The forecasts, prepared by Cambridge Econometrics, predict that UK CO2 emissions will amount to 136.3 million tonnes of carbon in 2020, just 15% lower than they were in 1990. The draft Climate Change Bill has set a goal of cutting emissions by between 26% and 32% by 2020.
The figures contrast with official government projections predicting that emissions will be between 20% and 26% lower in 2020.
One reason for the discrepancy is that the new forecasts do not take account of measures in the energy White Paper published in May, as they “have not as yet been followed by concrete policy measures” so the shortfall is likely to be less than anticipated.
Nevertheless a 11% hole will be hard to fill, and the measures in the energy White Paper on their own will be unlikely to bridge the whole gap.
The forecasts also suggest that the UK will miss its renewable electricity targets for 2010 and 2015 by a wide margin.
They predict that just 5% of electricity will come from renewable sources in 2010, rising to 12.5% in 2015, well short of government targets of 10% and 15% respectively.
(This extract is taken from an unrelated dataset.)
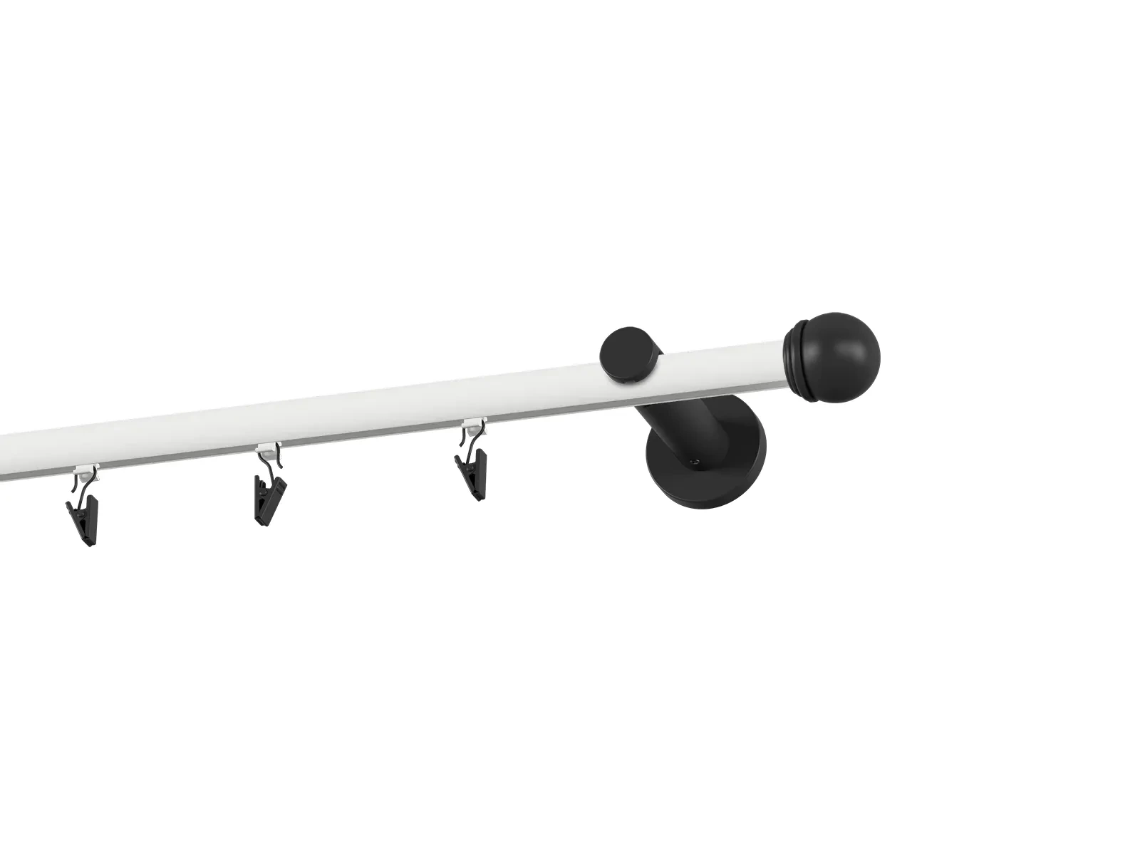 Dĺžka 3200 mm - tyč 19mm - 1600mm - 2ks, spojka tyče – 1 ks, držiak - 3ks, koncovka - 2ks, krúžok so štipcom - 30ks (pri výbere parametra príslušenstvo s krúžkami so štipcom), skrutky a hmoždinky na montáž

But the picture improves by 2020, when the report predicts that renewables will supply 19% of electricity – just 1% short of the government’s target for that year.
“These forecasts provide a reality check to the rhetoric on climate change that is now standard government fare,” said Professor Paul Ekins, who co-edited the report. “The government’s policies to promote a low carbon future are not yet sufficient to meet the carbon challenge set out in the energy white paper and draft climate change Bill.”
“Even achieving at least a 26% reduction on 1990 levels will be an uphill struggle unless the energy White Paper is followed by robust policy measures that promote carbon reductions.”